What you should do: Repeat the listing that follows character for character, omitting images.

Stored data:

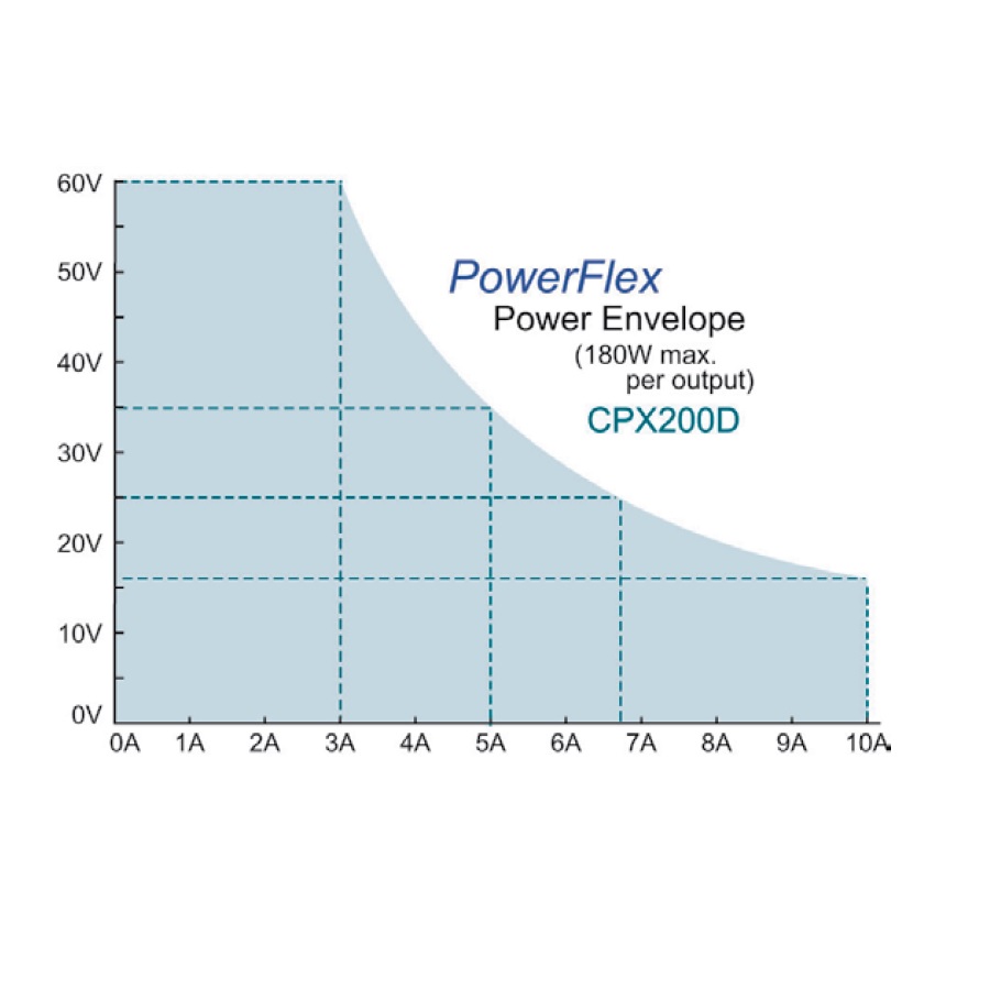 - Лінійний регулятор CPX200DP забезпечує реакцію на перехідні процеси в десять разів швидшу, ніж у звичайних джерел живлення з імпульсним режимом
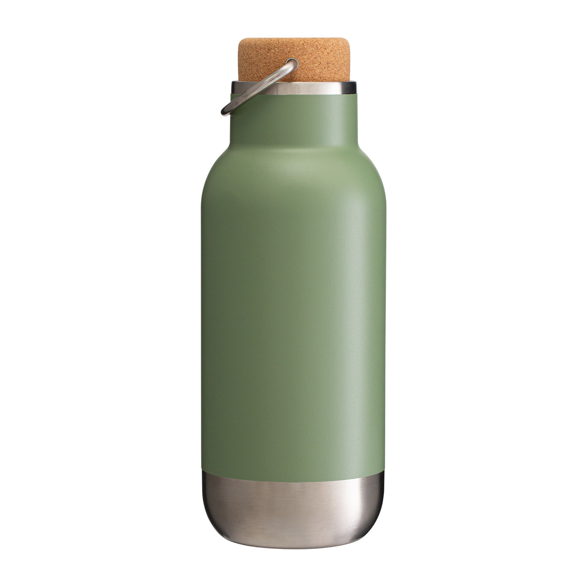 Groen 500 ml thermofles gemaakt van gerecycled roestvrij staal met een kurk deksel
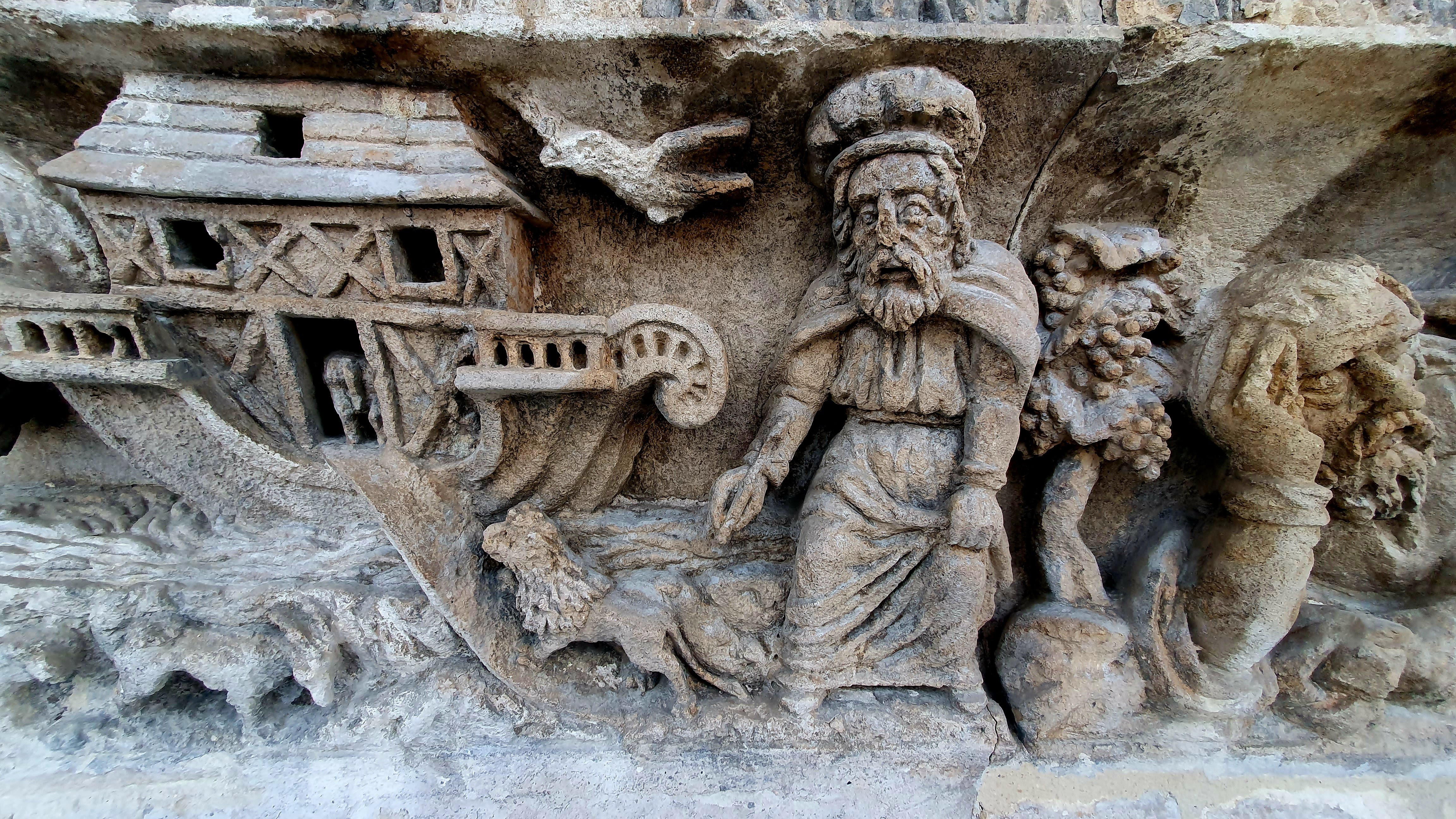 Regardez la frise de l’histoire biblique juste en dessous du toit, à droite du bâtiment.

Answer space:
 - Лінійний регулятор CPX200DP забезпечує реакцію на перехідні процеси в десять разів швидшу, ніж у звичайних джерел живлення з імпульсним режимом
 Groen 500 ml thermofles gemaakt van gerecycled roestvrij staal met een kurk deksel
 Regardez la frise de l’histoire biblique juste en dessous du toit, à droite du bâtiment.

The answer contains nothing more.